=== Data extracts ===

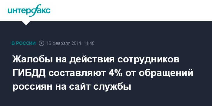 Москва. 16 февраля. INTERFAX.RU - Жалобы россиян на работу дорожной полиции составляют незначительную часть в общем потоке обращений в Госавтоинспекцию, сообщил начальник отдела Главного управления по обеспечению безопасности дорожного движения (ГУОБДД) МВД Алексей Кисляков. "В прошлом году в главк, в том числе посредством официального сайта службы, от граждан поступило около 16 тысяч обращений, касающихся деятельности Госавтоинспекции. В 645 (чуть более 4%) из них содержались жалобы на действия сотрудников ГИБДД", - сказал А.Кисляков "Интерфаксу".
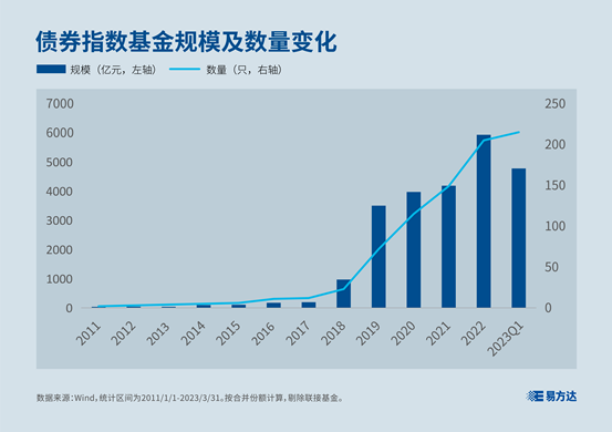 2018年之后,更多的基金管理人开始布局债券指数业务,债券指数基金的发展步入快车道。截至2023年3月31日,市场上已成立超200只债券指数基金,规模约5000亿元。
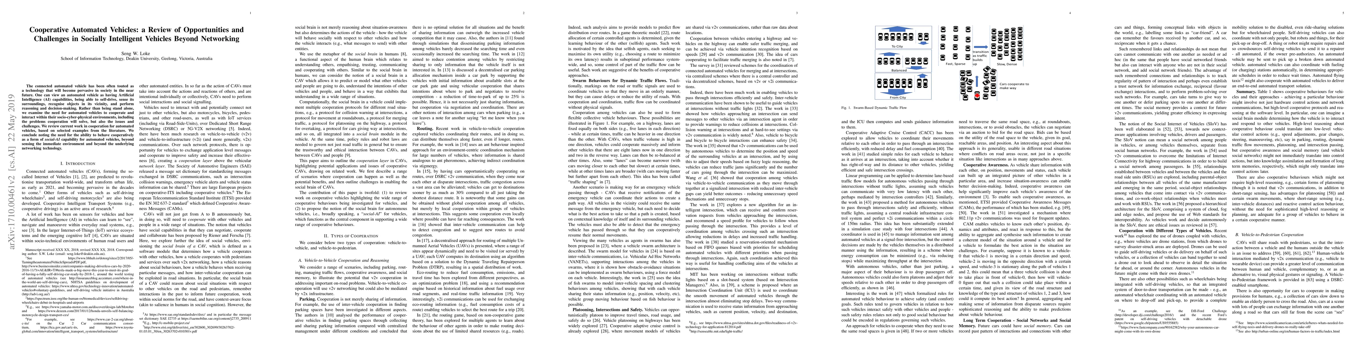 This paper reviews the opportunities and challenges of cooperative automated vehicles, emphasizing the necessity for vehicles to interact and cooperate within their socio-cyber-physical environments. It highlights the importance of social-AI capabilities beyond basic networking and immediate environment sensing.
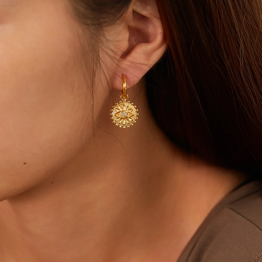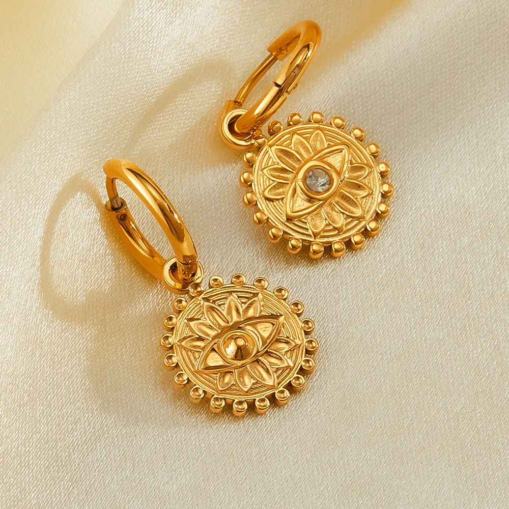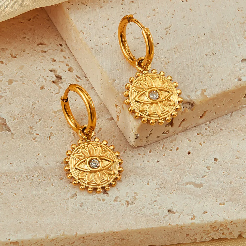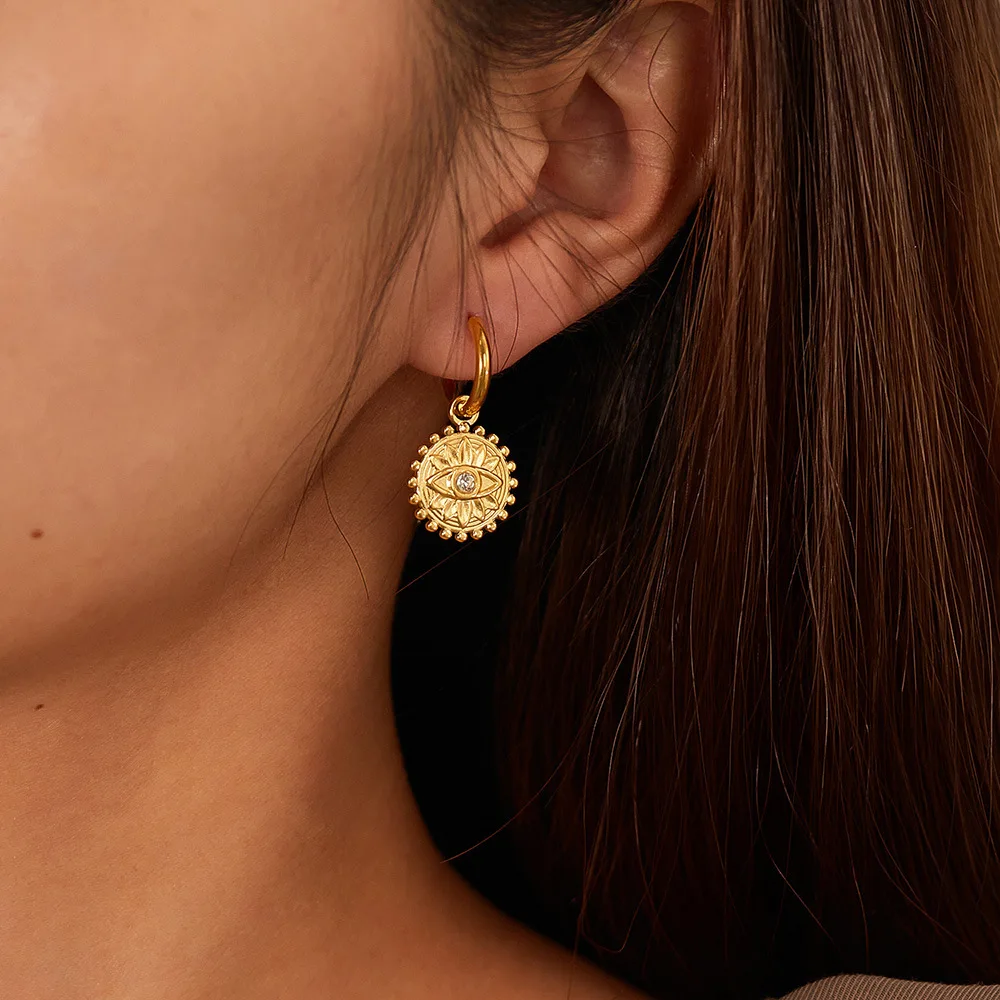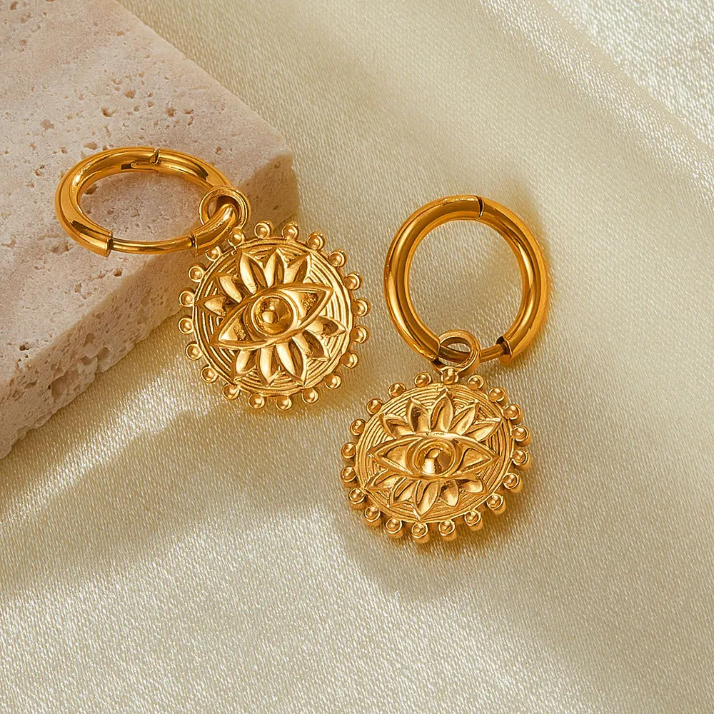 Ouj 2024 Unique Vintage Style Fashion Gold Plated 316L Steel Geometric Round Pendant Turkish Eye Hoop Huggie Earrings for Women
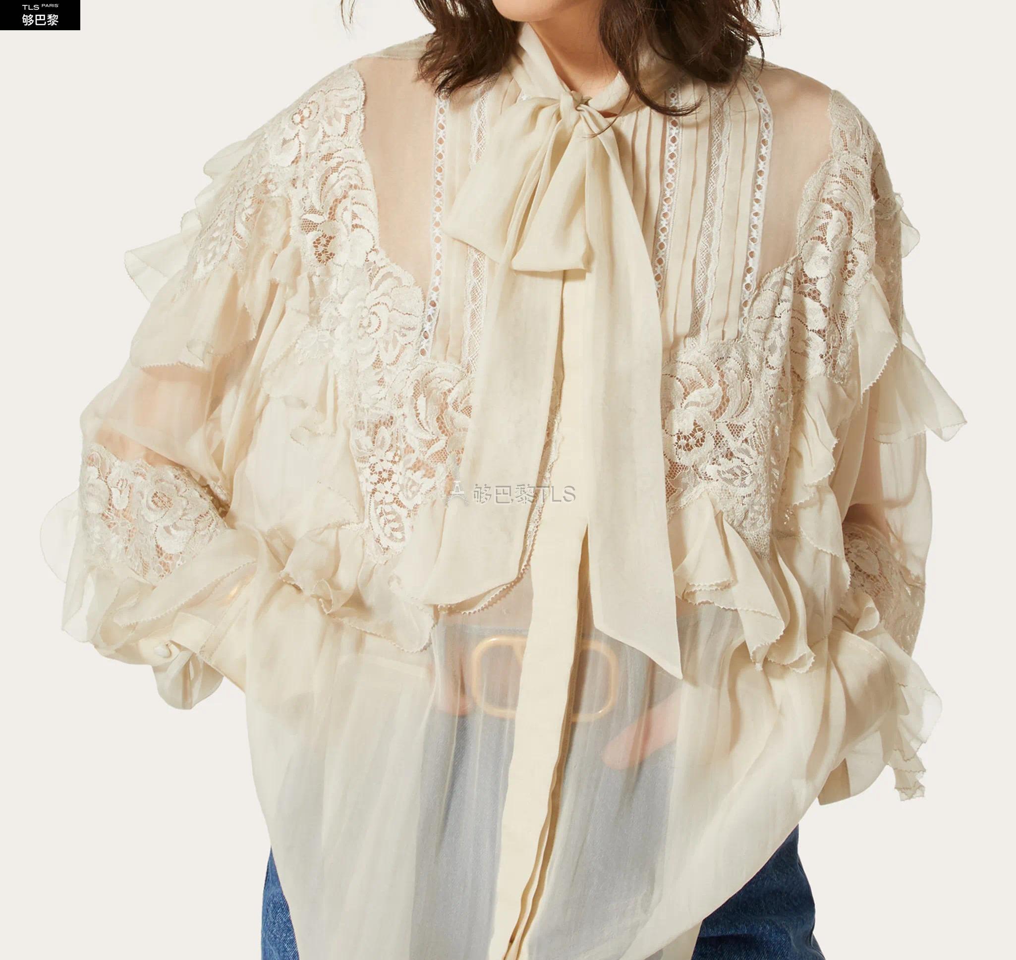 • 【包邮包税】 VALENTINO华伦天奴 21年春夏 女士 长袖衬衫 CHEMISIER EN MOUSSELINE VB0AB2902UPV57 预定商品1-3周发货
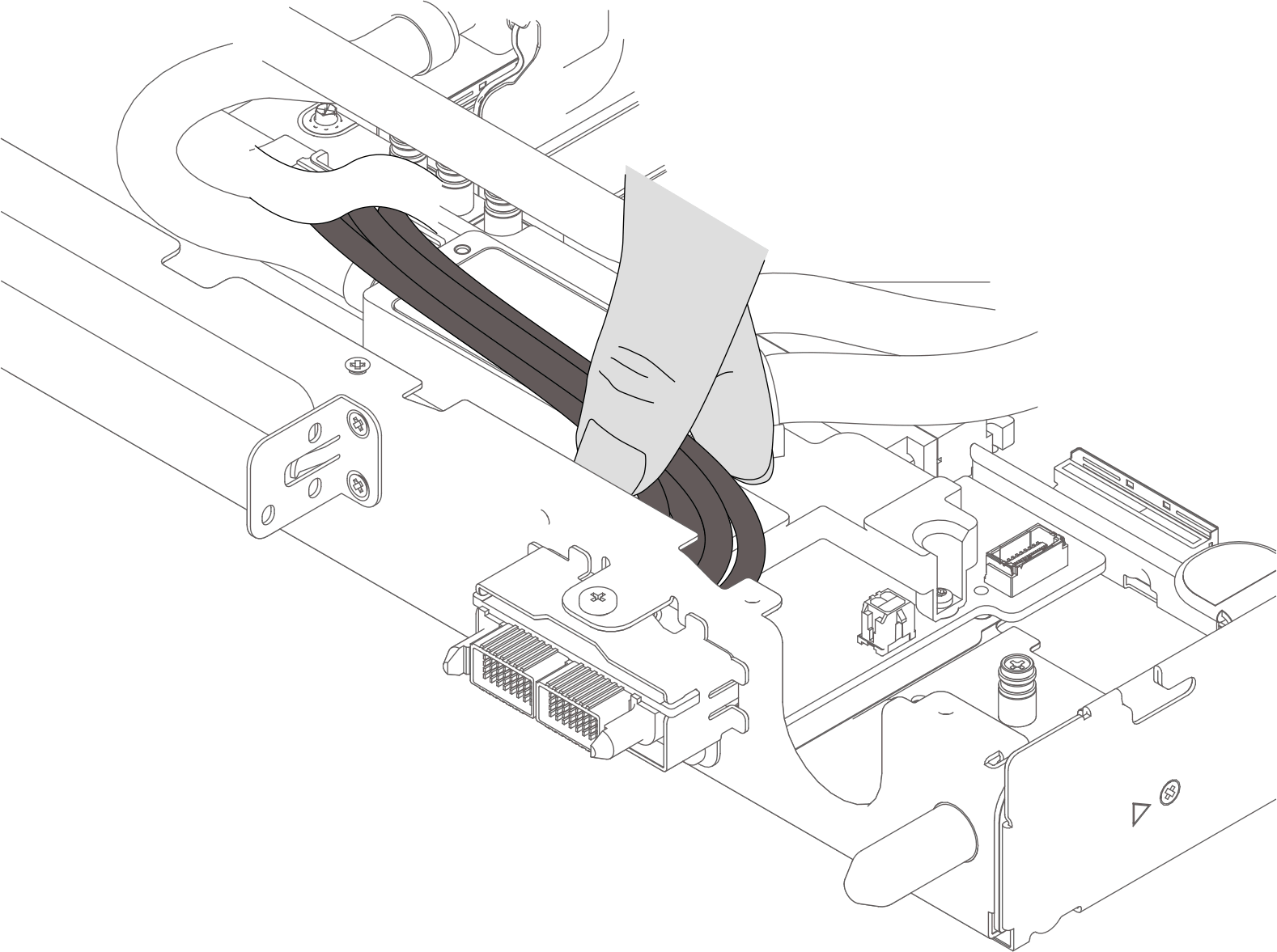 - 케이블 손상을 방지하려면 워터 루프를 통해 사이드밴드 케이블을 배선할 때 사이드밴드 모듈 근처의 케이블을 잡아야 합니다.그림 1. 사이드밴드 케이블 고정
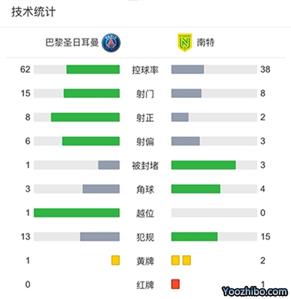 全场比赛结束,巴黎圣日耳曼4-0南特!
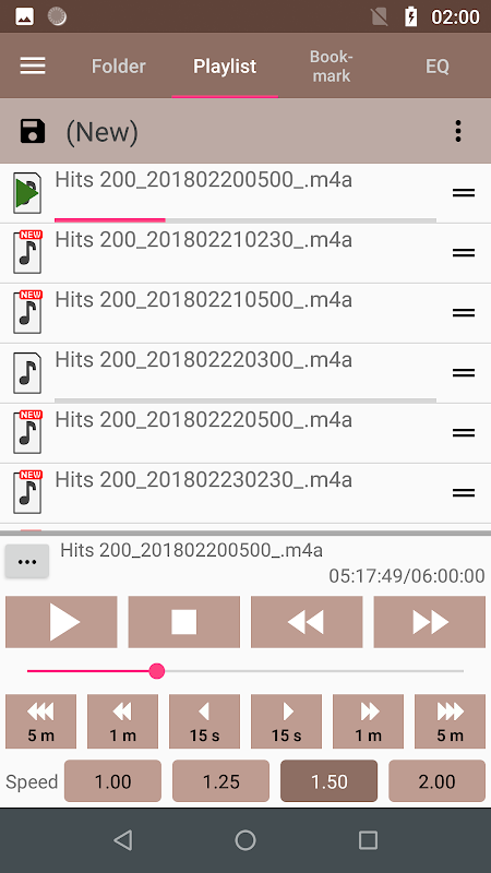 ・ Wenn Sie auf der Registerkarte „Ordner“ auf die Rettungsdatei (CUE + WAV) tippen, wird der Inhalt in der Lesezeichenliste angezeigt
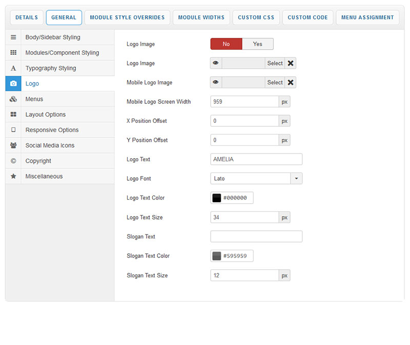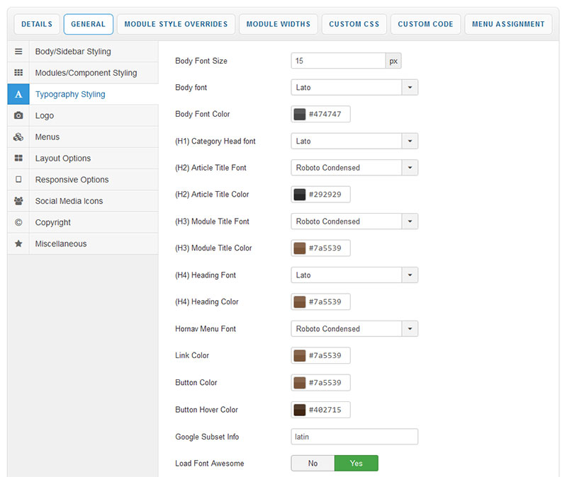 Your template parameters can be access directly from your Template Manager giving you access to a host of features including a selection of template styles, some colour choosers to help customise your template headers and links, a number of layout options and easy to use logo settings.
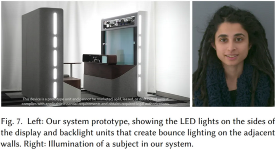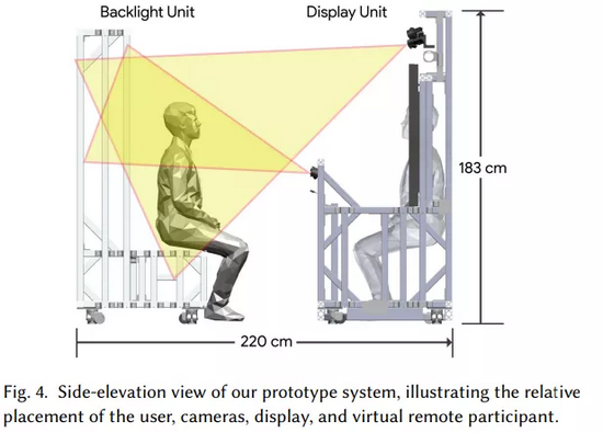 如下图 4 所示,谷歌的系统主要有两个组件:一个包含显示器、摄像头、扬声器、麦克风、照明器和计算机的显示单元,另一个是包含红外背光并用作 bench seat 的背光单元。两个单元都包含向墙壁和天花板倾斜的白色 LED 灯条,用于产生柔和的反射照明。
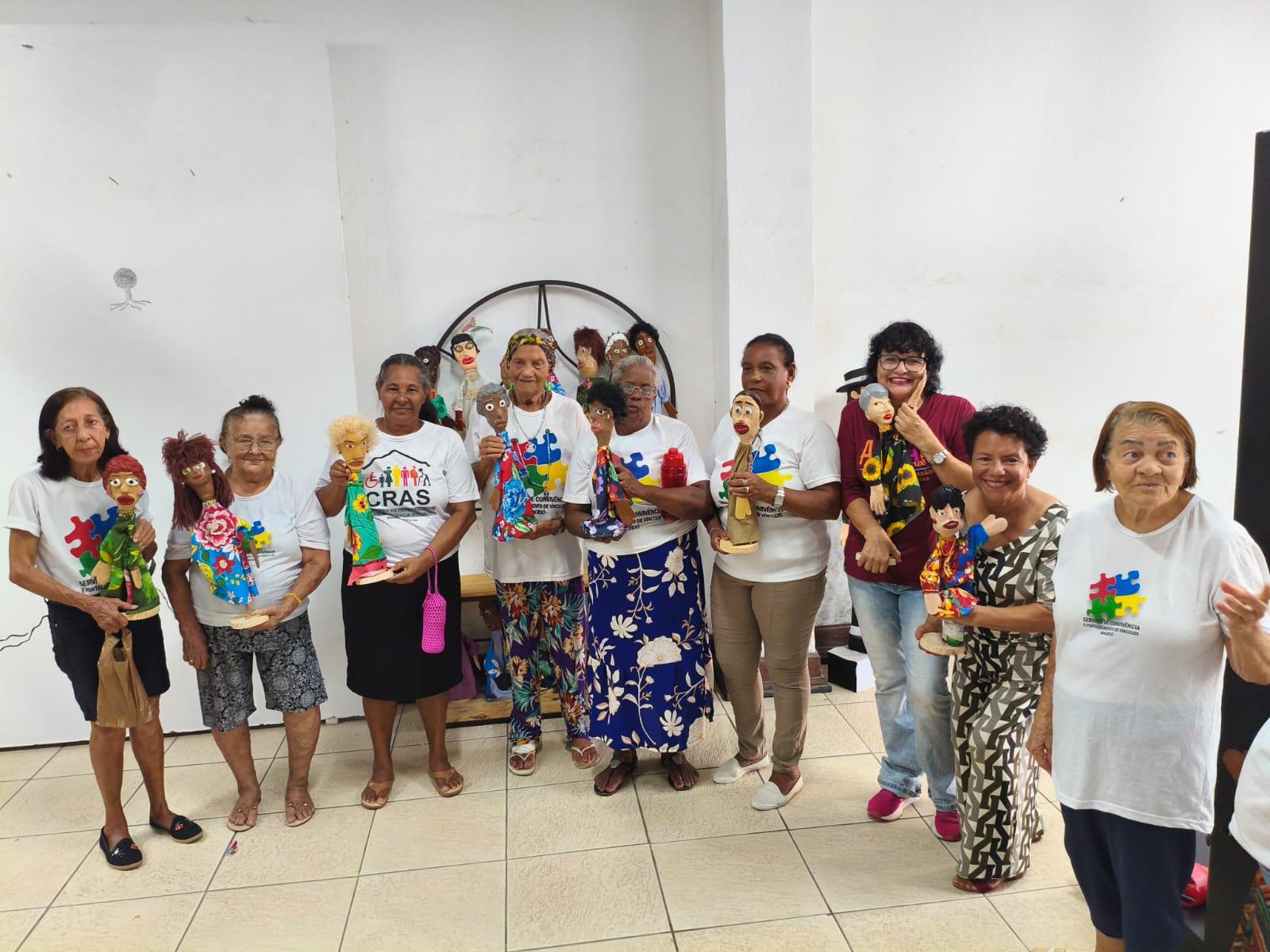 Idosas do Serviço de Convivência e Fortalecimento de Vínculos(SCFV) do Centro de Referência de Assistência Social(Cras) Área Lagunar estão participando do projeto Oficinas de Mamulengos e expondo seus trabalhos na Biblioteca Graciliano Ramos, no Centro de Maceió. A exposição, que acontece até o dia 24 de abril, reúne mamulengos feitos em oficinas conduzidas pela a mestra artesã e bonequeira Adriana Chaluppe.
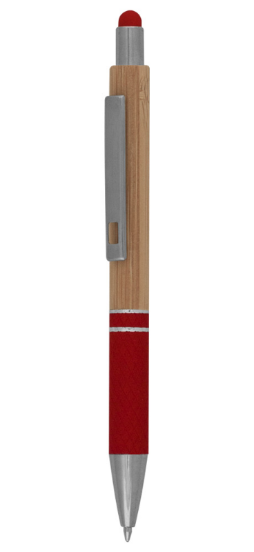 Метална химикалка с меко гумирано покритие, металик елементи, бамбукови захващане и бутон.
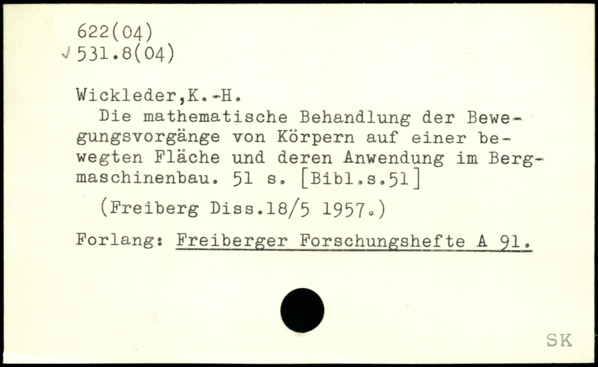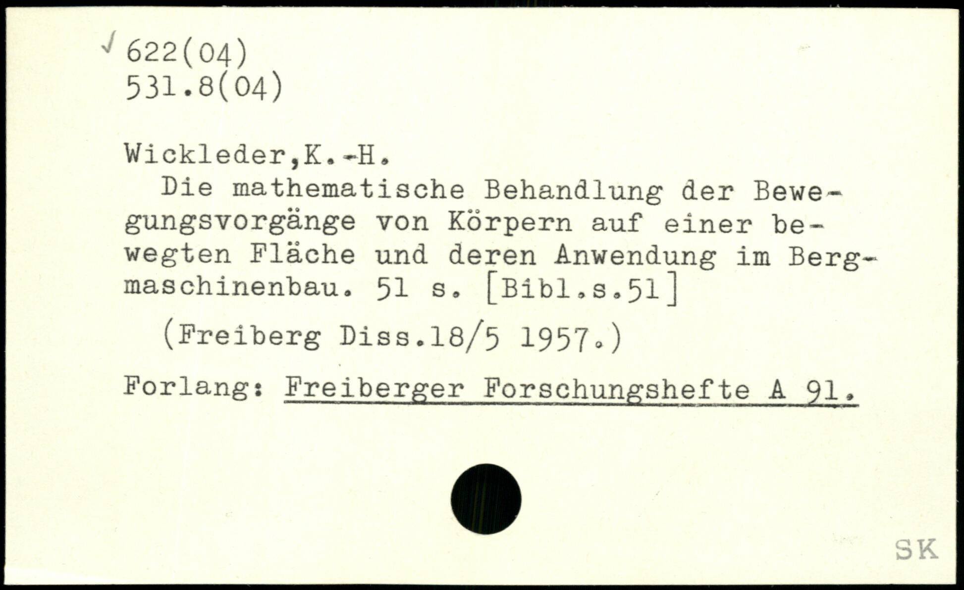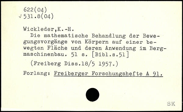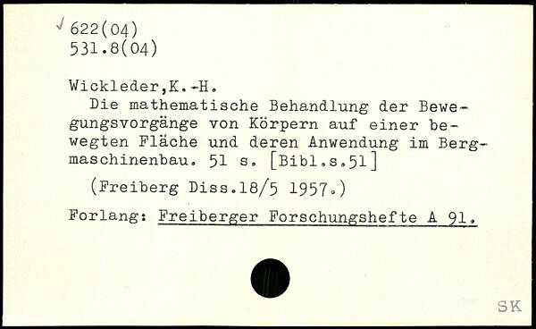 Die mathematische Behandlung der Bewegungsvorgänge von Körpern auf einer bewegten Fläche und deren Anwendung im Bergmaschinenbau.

===

Apart from the pictures, write every entry out again exactly.

:: Your solution ::
 Москва. 16 февраля. INTERFAX.RU - Жалобы россиян на работу дорожной полиции составляют незначительную часть в общем потоке обращений в Госавтоинспекцию, сообщил начальник отдела Главного управления по обеспечению безопасности дорожного движения (ГУОБДД) МВД Алексей Кисляков. "В прошлом году в главк, в том числе посредством официального сайта службы, от граждан поступило около 16 тысяч обращений, касающихся деятельности Госавтоинспекции. В 645 (чуть более 4%) из них содержались жалобы на действия сотрудников ГИБДД", - сказал А.Кисляков "Интерфаксу".
 2018年之后,更多的基金管理人开始布局债券指数业务,债券指数基金的发展步入快车道。截至2023年3月31日,市场上已成立超200只债券指数基金,规模约5000亿元。
 This paper reviews the opportunities and challenges of cooperative automated vehicles, emphasizing the necessity for vehicles to interact and cooperate within their socio-cyber-physical environments. It highlights the importance of social-AI capabilities beyond basic networking and immediate environment sensing.
 Ouj 2024 Unique Vintage Style Fashion Gold Plated 316L Steel Geometric Round Pendant Turkish Eye Hoop Huggie Earrings for Women
 • 【包邮包税】 VALENTINO华伦天奴 21年春夏 女士 长袖衬衫 CHEMISIER EN MOUSSELINE VB0AB2902UPV57 预定商品1-3周发货
 - 케이블 손상을 방지하려면 워터 루프를 통해 사이드밴드 케이블을 배선할 때 사이드밴드 모듈 근처의 케이블을 잡아야 합니다.그림 1. 사이드밴드 케이블 고정
 全场比赛结束,巴黎圣日耳曼4-0南特!
 ・ Wenn Sie auf der Registerkarte „Ordner“ auf die Rettungsdatei (CUE + WAV) tippen, wird der Inhalt in der Lesezeichenliste angezeigt
 Your template parameters can be access directly from your Template Manager giving you access to a host of features including a selection of template styles, some colour choosers to help customise your template headers and links, a number of layout options and easy to use logo settings.
 如下图 4 所示,谷歌的系统主要有两个组件:一个包含显示器、摄像头、扬声器、麦克风、照明器和计算机的显示单元,另一个是包含红外背光并用作 bench seat 的背光单元。两个单元都包含向墙壁和天花板倾斜的白色 LED 灯条,用于产生柔和的反射照明。
 Idosas do Serviço de Convivência e Fortalecimento de Vínculos(SCFV) do Centro de Referência de Assistência Social(Cras) Área Lagunar estão participando do projeto Oficinas de Mamulengos e expondo seus trabalhos na Biblioteca Graciliano Ramos, no Centro de Maceió. A exposição, que acontece até o dia 24 de abril, reúne mamulengos feitos em oficinas conduzidas pela a mestra artesã e bonequeira Adriana Chaluppe.
 Метална химикалка с меко гумирано покритие, металик елементи, бамбукови захващане и бутон.
 Die mathematische Behandlung der Bewegungsvorgänge von Körpern auf einer bewegten Fläche und deren Anwendung im Bergmaschinenbau.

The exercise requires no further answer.